WAKE (CAN) – Devouring ruin, 2020

Enlaces:

Lo que un día comenzó siendo una horrenda oruga de grindcore al más puro estilo PIG DESTROYER o WORMROT, que en su etapa de infecciosa crisálida ya dejaba entrever una evolución hacia un corrupto death/grind, ahora que esa crisálida ha eclosionado ha dado vida a una deforme y maltrecha polilla de black/death metal que evoca podredumbre, óxido y lodo. Todo esto siempre dentro de un marco oscuro como las cuencas de una calavera que reposa en una cripta.

No se me ocurre mejor manera de presentar a WAKE y su evolución. Estos canadienses ha conseguido engendrar una de las obras más delirantes, agresivas, versátiles y jodidamente cafres de este puto año de mierda, sirviendo de banda sonora perfecta para estos días caóticos que nos ha tocado vivir. Activos desde 2009, los de Calgary almacenan en los polvorientos archivos de su discografía un EP, tres splits y cinco largas duraciones, incluido este Devouring ruin sobre el que ahora mismo estás leyendo.

Poquito más de tres cuartos de hora de duración que albergan locura, ira, desolación, caos y existencialismo, comandados por una brutal descarga de metal extremo que no hace ascos a nada. Sí, la base actual es una portentosa mezcla de black y death metal, pero lo que hace atractivo este álbum no es esa etiqueta. El uso de las disonancias, un recurso cada vez más frecuente en el metal extremo contemporáneo, está a la altura de algunas obras que representan el máximo exponente en este campo, tales como The approaching roar de ALTARAGE u otras más recientes como Stare into death and be still de ULCERATE o el esquizofrénico EP de SERPENT COLUMN, Endless detainment.

Sin duda alguna, estos WAKE, a pesar de ya haber cruzado el charco para actuar en el Obscene Extreme del 2013, deberían llamar la atención, y mucho, del público devorador de extremo underground y comenzar a asentarse como uno de esos proyectos que acaban convirtiéndose en bandas de culto. La locura compositiva de este álbum es tal que no lo podrían haberla ejecutado músicos sin un mínimo de dominio sobre su instrumento, pues aunque no calificaría la música de WAKE con la etiqueta de “técnico”, es más que obvia la habilidad de estos canadienses para blandir los instrumentos como si de redentores y diabólicos caudillos infernales se tratase.

Voces que esputan con furibundo sentir, expresando todos y cada uno de los sentimientos negativos que te puedas imaginar, como si de un desquiciado apóstol de la muerte anunciando un fin que jamás acabará. Agudos de locura, graves de auténtica bestia del averno y, entre ambos registros, todo tipo de recursos y modulaciones que aumentan o disminuyen según qué sensaciones, cuando el momento lo requiere.

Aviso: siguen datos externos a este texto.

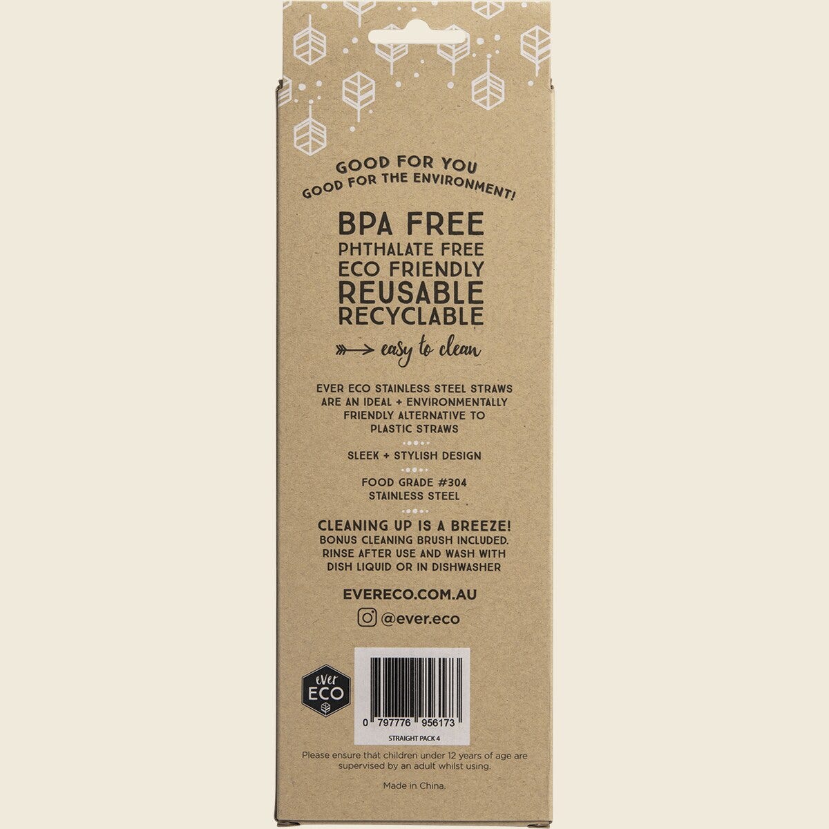 Ever Eco Stainless Steel Straws Straight - 4Pack+Brush
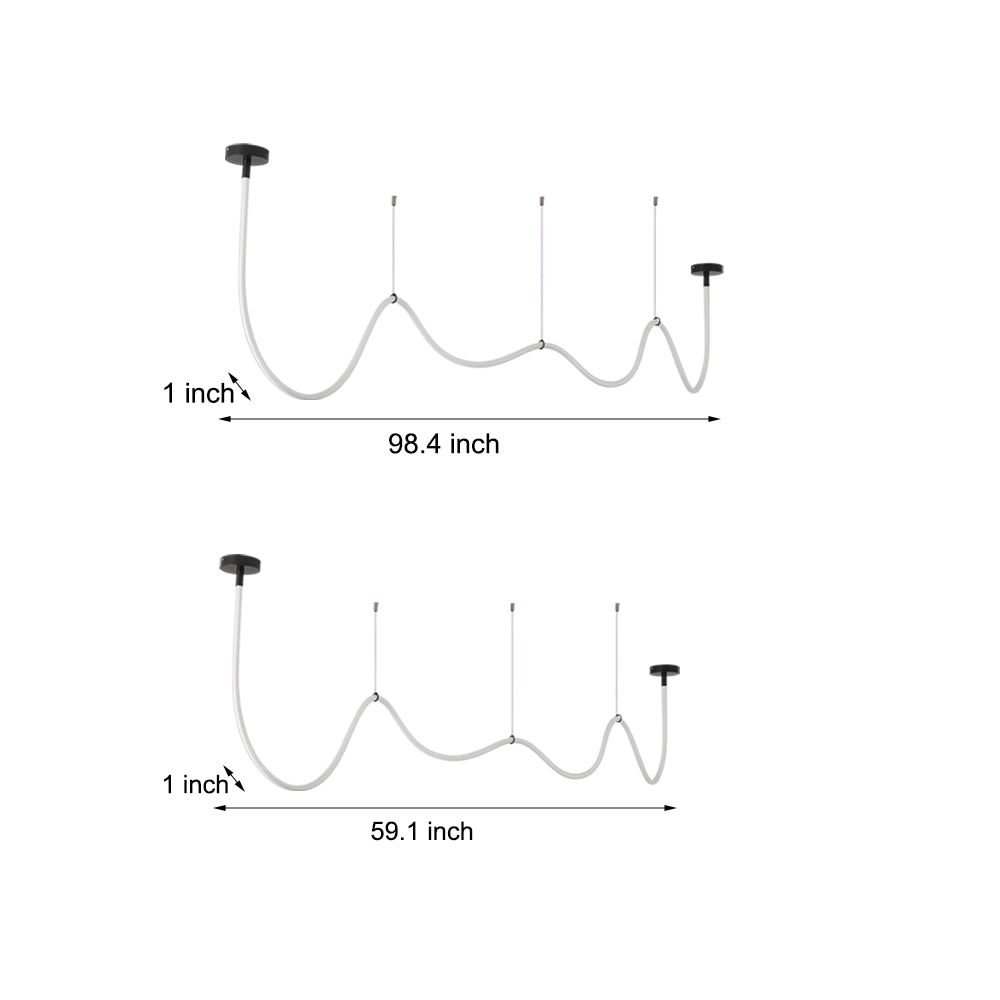 • This LED silicone rope pendant lighting is made from quality copper and soft silicone rope. Its stylish matte black finish adds a touch of understated luxury to any room, enhancing the overall aesthetic. The creative silicone rope adds a unique style to traditional chandeliers, providing design flexibility. There are two lengths of 59.05''/98.42'' for you to choose from, which can meet the decoration and lighting needs of different spaces and add a touch of personality to your space. With a 3-step dimming feature, you can effortlessly adjust the color temperature to suit your mood and ambiance. This LED pendant light is suitable for various home scenes, including the living room, dining room, or bedroom.
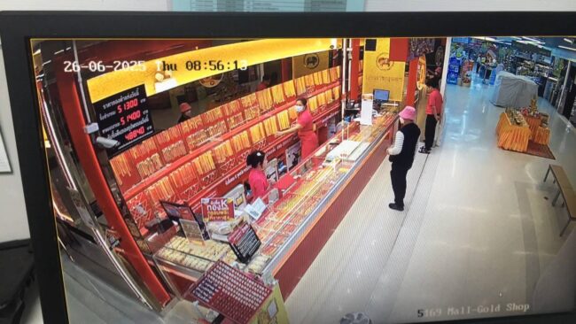 เมื่อเวลา 09.30 น.วันที่ 26 มิถุนายน ร.ต.ท.อร่าม โชติษิตานนท์ รอง สว.(สอบสวน) สภ.เมืองชลบุรี ได้รับแจ้งมีเหตุผลร้ายชิงทองภายในห้างทองเยาวราช กรุงเทพฯ ในห้างโลตัสพลัสมอลล์ ต.บ้านสวน อ.เมือง จ.ชลบุรี จึงรุดไปตรวจสอบพร้อม พ.ต.อ.คฑพล พรมดอนชาติ ผกก.สภ.เมืองชลบุรี และตำรวจสืบสวน พบ น.ส.กลอย (นามสมมุติ) พนักงานห้างทอง เปิดเผยด้วยอาการตกใจว่า เขาเดินเข้ามาและขอดูทอง หรือให้น้องเขารับไปเขาขอดูทอง 10 บาทแต่เราบอกว่าให้เขาถอดแมสแล้วถอดหมวกก่อนได้ไหม เขาไม่พูดเขาก็ชักปืนออกมาขู่เลย หลังจากนั้นก็คว้าเอาทองไปได้ทอง 10 บาท 2 เส้น 9 บาท 2 เส้นแล้ววิ่งหนีออกไป
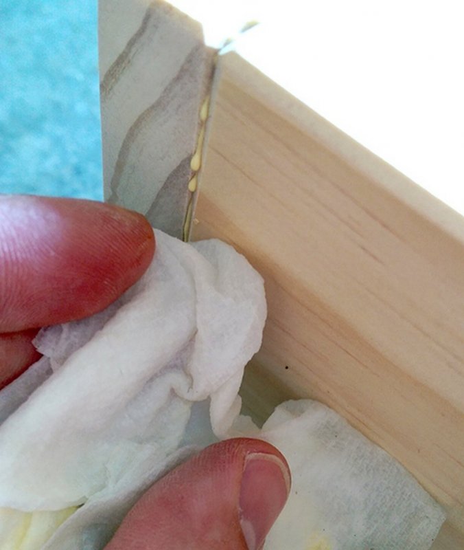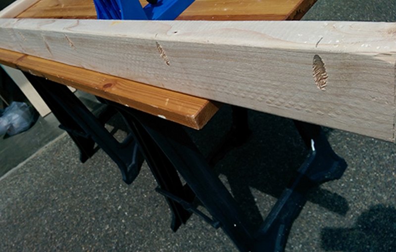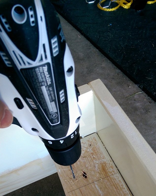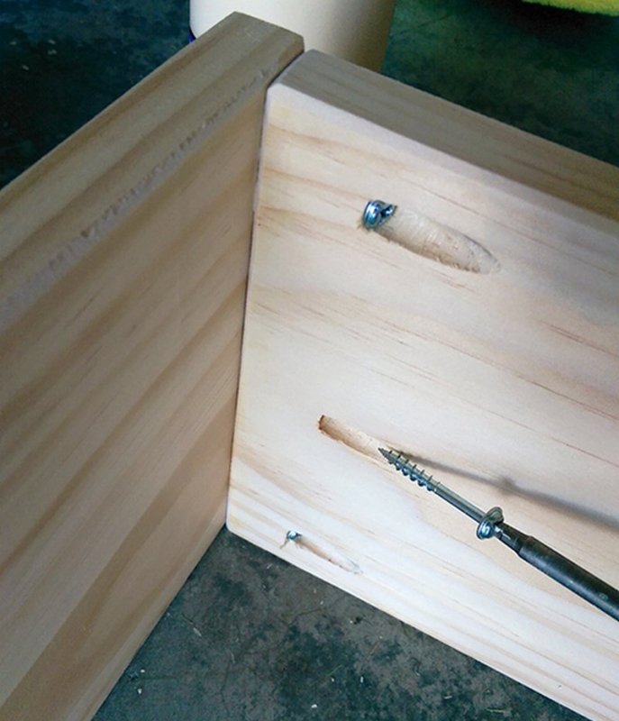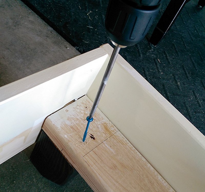 Работу начинают с изготовления рамы – саморезы, соединяющие доски, вкручиваются изнутри под определенным углом, с использованием приспособления Kreg Jig. Все неровности шлифуются, острые углы желательно слегка скруглить, торцы также обработать при помощи шлифовальной машинки. Потом места соединения смазываются клеем, доски скрепляются 30-миллиметровыми саморезами, излишки клея аккуратно удаляются сухой ветошью. Углы должны получиться идеально прямыми – это проверяется прикладыванием угольника к каждому из них.
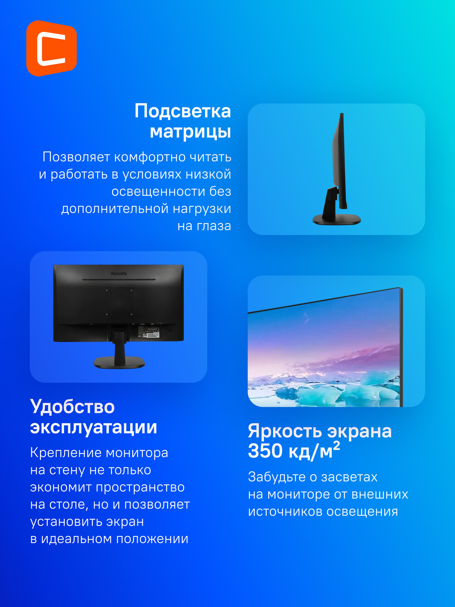 | Особенности | подсветка без мерцания (Flicker-Free) |
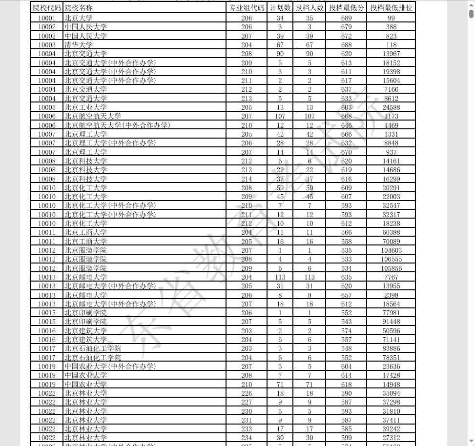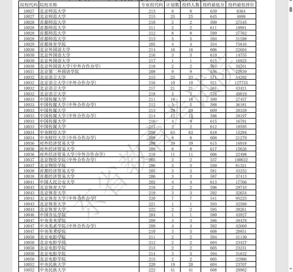 其他热门院校如浙江大学、南京大学、武汉大学等,投档分数集中在640-660分之间,位次在2000-6000名左右。

Las guitarras no paran de construir enrevesadas figuras dentro de esas demenciales estructuras también propuestas por las propias cuerdas, provocando al mismo tiempo una obliteración sonora en la que no dejan títere con cabeza. Despliegan todo un arsenal de herrumbrosas y lacerantes armas, representadas por esa potente alabarda infectada que es la base black/death metalera, que no sólo ornamentan con disonancias, pues también tintan con bastante frecuencia las partes más agresivas con acertadísimos arpegios, delirantes progresiones o súbitos contrarritmos. Es brutal que únicamente con las guitarras ya hagan tantísimas cosas, creando atmósferas y texturas con pasmosa facilidad.

Encima, les sobra espacio y agallas para poder mezclar todo esto con alusiones a otros estilos, recurriendo con asiduidad a ese grind cafre y polvoriento que practicaban en sus inicios, pero también aliándose por momentos con el sludge, el crust, guiños progresivos o incluso con algún desliz más propio del mathcore. Vamos, una puta salvajada. No nos olvidamos de un bajo que hace que tanto cuerdas como percusión suenen mucho más arrolladoras, restallando su sonido como cuando un amigo te pega con una olla exprés en la sien para celebrar que vas a ser tío por cuarta vez.

Pero nada de esto tendría sentido, y además perdería calidad, sin la labor de esa endiablada percusión. Brutalísima labor tras los platos, que imprime lógica y cohesiona milimétricamente ese compendio de influencias. Arrebatos de tralla, momentos de tensión, pausas que coquetean abiertamente con el doom, juego de platillos exquisito, redobles, redobles y más redobles y cambios de ritmo que hacen que tu columna vertebral y tu cerebro se enzarcen en una peligrosa discusión sobre si lo que se sacude al sentir música de esta calaña es la cabeza o el esternón. Yo, desde luego, tras la cantidad de escuchas que le he pegado a Devouring ruin, ya no sé ni dónde tengo el duodeno.